--- Data for this task ---
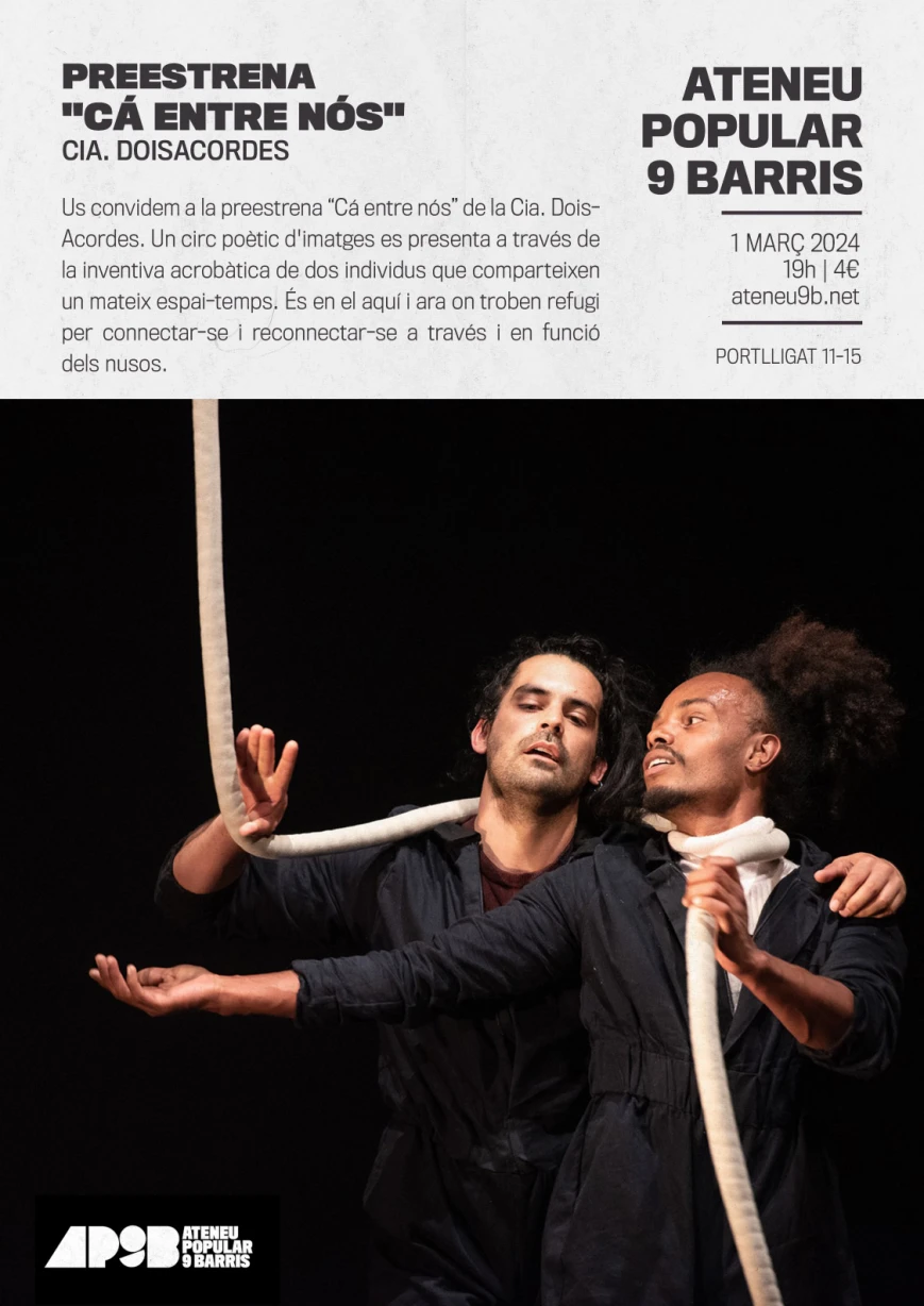 Preestrena de l'espectacle "Cá entre nós", produït per la Cia. DoisAcordes. Aquesta preestrena s'emmarca dins dels projectes de suport a la creació de l'Ateneu.
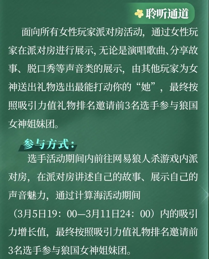 狼人杀女生节限定活动来袭!
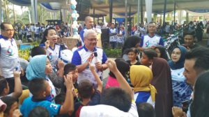 Direktur utama Bank Sumsel Babel Achmad Syamsudin melepaskan balon ke udara. Selain itu Bank Sumsel Babel juga menggelar berbagai lomba dan fun games yang diikuti segenap keluarga karyawan dan Direksi BSB.
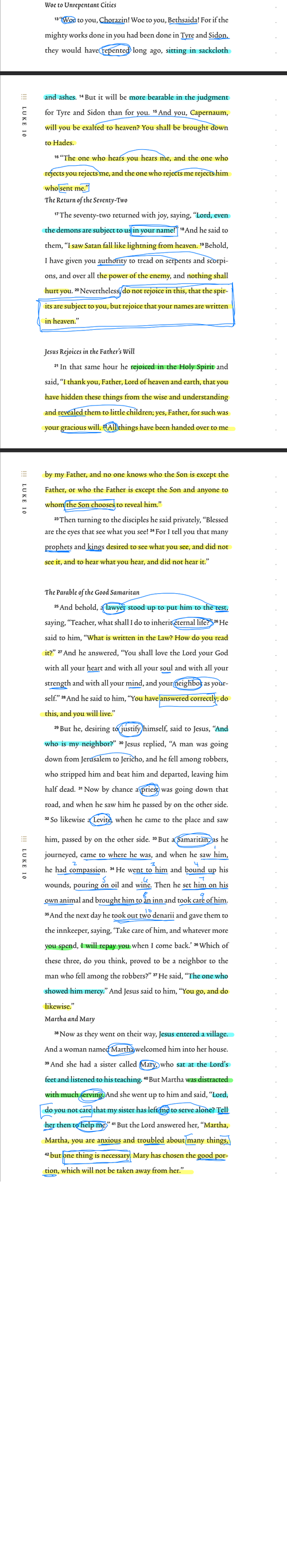 A lawyer asked Jesus what was needed for eternal life, and Jesus responded by asking him how he interpreted the law. Perhaps it is significant that the importance of loving one's neighbor, of being a good neighbor, follows a text about the mission. We are called to bring the good news to the ends of the earth, but following Christ as a disciple means treating every person as a neighbor and loving everyone in our path. The focus on mission may lead us to overlook the needs right in front of us. The lawyer cites Deuteronomy 6:5 and Leviticus 19:18, which instruct us to love God with all our being and love our neighbor. Jesus confirms that if one follows these commands, they will live. The lawyer then inquires as to who his neighbor is. Jesus then tells the parable of the good Samaritan, in which a man is robbed and stripped on his way to Jericho. Rather than helping, a priest and a Levite both pass by. A despised Samaritan, however, stops to tend to the man's wounds, takes him to an inn, and pays his expenses. Jesus then asks the lawyer which of the three was a neighbor, to which the lawyer replies that it was the one who showed mercy. Jesus then encourages the man to do the same.
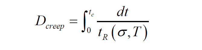 其中,tc表示加载循环的持续时间,tR是应力作用下破裂时间,T为温度。
---
All lines from the start of the entries through the one with "Direktur utama Bank" are to be output exactly; omit the pictures.

 Preestrena de l'espectacle "Cá entre nós", produït per la Cia. DoisAcordes. Aquesta preestrena s'emmarca dins dels projectes de suport a la creació de l'Ateneu.
 狼人杀女生节限定活动来袭!
 Direktur utama Bank Sumsel Babel Achmad Syamsudin melepaskan balon ke udara. Selain itu Bank Sumsel Babel juga menggelar berbagai lomba dan fun games yang diikuti segenap keluarga karyawan dan Direksi BSB.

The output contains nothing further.